:: Entries provided ::
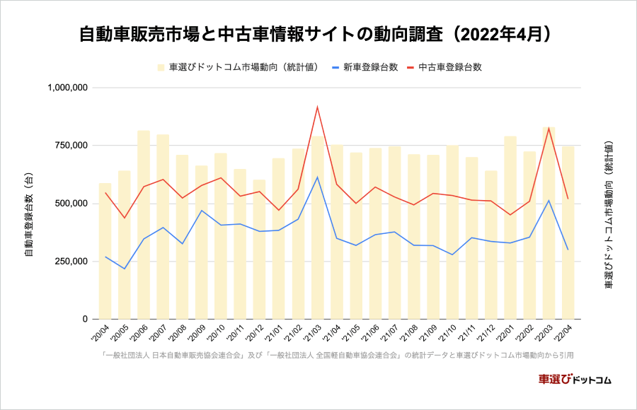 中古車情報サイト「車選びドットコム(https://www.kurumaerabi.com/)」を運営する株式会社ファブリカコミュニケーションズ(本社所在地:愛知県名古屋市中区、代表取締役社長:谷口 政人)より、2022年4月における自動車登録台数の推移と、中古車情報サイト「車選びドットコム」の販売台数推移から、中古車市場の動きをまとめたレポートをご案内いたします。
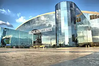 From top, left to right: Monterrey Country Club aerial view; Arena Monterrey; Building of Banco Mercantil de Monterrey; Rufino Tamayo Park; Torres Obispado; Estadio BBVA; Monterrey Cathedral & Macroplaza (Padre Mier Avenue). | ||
:::
:: Entries provided ::
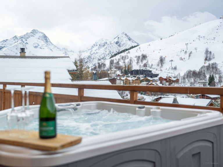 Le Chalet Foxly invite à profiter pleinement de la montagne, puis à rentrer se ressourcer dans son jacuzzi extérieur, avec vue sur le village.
:::
▸ What the exercise asks
From the listing above, restate verbatim the lines running from the one with "中古車情報サイト「車選びドットコム(ht" through the one with "From top, left", inclusive, but not the pictures.

▸ Answer for this exercise
 中古車情報サイト「車選びドットコム(https://www.kurumaerabi.com/)」を運営する株式会社ファブリカコミュニケーションズ(本社所在地:愛知県名古屋市中区、代表取締役社長:谷口 政人)より、2022年4月における自動車登録台数の推移と、中古車情報サイト「車選びドットコム」の販売台数推移から、中古車市場の動きをまとめたレポートをご案内いたします。
 From top, left to right: Monterrey Country Club aerial view; Arena Monterrey; Building of Banco Mercantil de Monterrey; Rufino Tamayo Park; Torres Obispado; Estadio BBVA; Monterrey Cathedral & Macroplaza (Padre Mier Avenue). | ||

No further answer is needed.